Kenaikan ekspor minyak
Data dari Otoritas Umum Statistik menunjukkan bahwa ekspor minyak Saudi mencatat kenaikan sebesar 37,4% year-on-year, mencapai sekitar 92,5 miliar riyal. Tingkat ini merupakan kenaikan tertinggi dalam ekspor minyak sejak November 2022, mendorong pangsa minyak dalam struktur ekspor menjadi 80,3%, dibandingkan dengan 71% pada Maret tahun lalu.
Volume perdagangan barang
Total volume perdagangan barang Kerajaan pada Maret mencapai sekitar 173 miliar riyal, mencatat kenaikan sebesar 0,8% year-on-year. Tiongkok tetap menjadi mitra dagang paling menonjol, menguasai pangsa terbesar baik dari ekspor maupun impor Saudi.

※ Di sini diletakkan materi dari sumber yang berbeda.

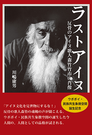 タイトルにぎょっとする。『ラストアイヌ――反骨のアイヌ歌人森竹竹市の肖像』(発行・柏艪舎、発売・星雲社)。しかも表紙の写真が強烈だ。射るような鋭いまなざし。長く伸びた白い顎髭。ただものではない雰囲気が漂う。ページをめくると、何か荒々しい壮大な物語が始まりそうな予感に満ちている。

Dampak surplus terhadap ekonomi nasional
Surplus perdagangan yang kuat ini mencerminkan kemampuan ekonomi Saudi untuk mencapai keseimbangan positif antara ekspor dan impor, serta menegaskan peran minyak yang semakin besar dalam mendukung neraca perdagangan. Hal ini juga menyoroti ketahanan sektor lain yang berkontribusi pada pertumbuhan kecil dalam volume perdagangan umum.
Prospek masa depan
Kerajaan diharapkan terus meningkatkan posisi perdagangannya dengan mendiversifikasi ekspor dan mengembangkan kemitraan internasional, sambil menjaga stabilitas harga minyak dan memperluas basis produksi non-migas, memastikan keberlanjutan surplus perdagangan di periode mendatang.